Probably will them, but tell them not to get their hopes up...... grrrrrrrrr oh I DON'T KNOW!!!!!     

Love Jena xxx


----------



## allybee17

hello 2nd time lucky, mesage broad went down whilst i was trying to post 

it's all really good news we have 2 little blasts on board yep thats right 2 and there was no arguing for it the doctor agreed as she said with my history she's recommend 2 in as well   she was so good too made us feel very relaxed and in control.

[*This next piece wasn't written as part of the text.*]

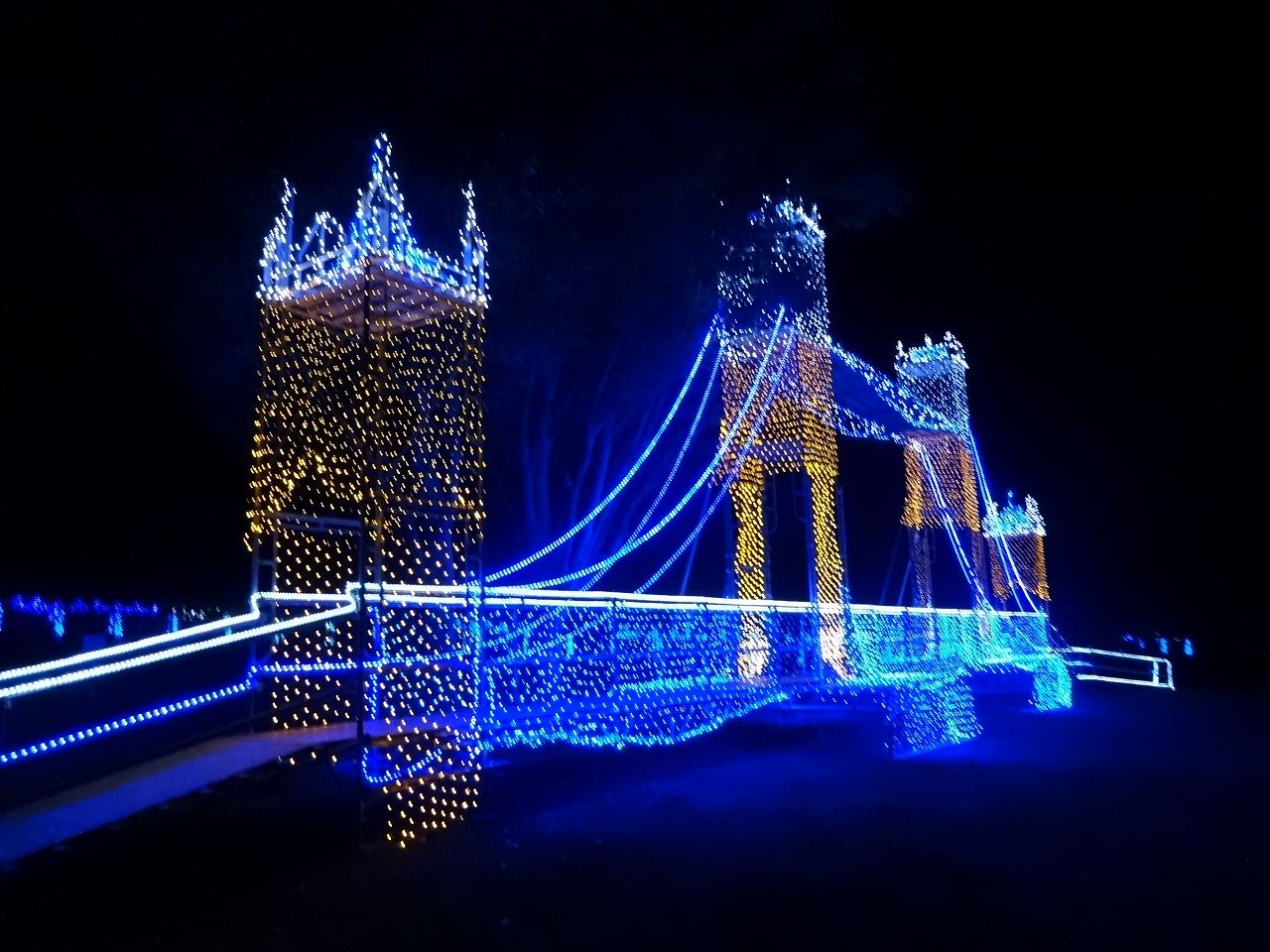 2013年10月28日 イルミネーション 公開済み: 2013年10月28日更新: 2013年10月28日作成者: ハイジの村カテゴリー: blog 昨夜、園内を見渡すとキラキラと イルミネーションで輝いていました。 ブライダルフェアのために点灯させたのです。 12月から夜間営業が始まるので 一足早くイルミネーションを見れて 凄く得をした気がします。 先日、ようこさんがロンドンブリッジの事について 書いていたのでついシャッターをおしてしまいました。 思わず「きれーい。」とさけんでしまった私、 お客様の反応がますます気になります。 めぐ

Kate i never knew you actually see your little ones on the TV lol i was nearly in tears we as i said have 2 that went to blast, faith as we have named her is the biggest and hope is a little behind her but not by much. the doctor ,sorry 4got her name but not Alison or Marie said she felt very positive for us as everything looked good  so that i hope has not jinxed us   don't know about freezing any yet as they said the other 3 were on the Verge of blast and the other 2 where still at the cell stage but they will ring 2morro, but we have decided we don't want to freeze anything this time. 

glad to see everyone is happy and enjoying the sun it got to 23oC on the way home from London today but I'm so not complaing   

mark and i are very happy with todays results stroll on next Thursday   bring it on


----------



## *kateag*

Great news Ally, well done on getting 2 put back! Seeing them on the screen is great isnt it! I waved to mine!!

Did you see them go in? I have seen a few people say they saw a white light as they went in, but I cant say I noticed? 

Anyway! You are now on the official 2ww! Get writing a diary mrs! 

xxxx


----------



## allybee17

yep we saw them going in and also left with a photo of one of them i think it was faith only got a pic of one of them   but thats enough for now stuck her on my fridge lol

I'll have alook at the 2ww diary not really looked at them but i'll see if i can get into it.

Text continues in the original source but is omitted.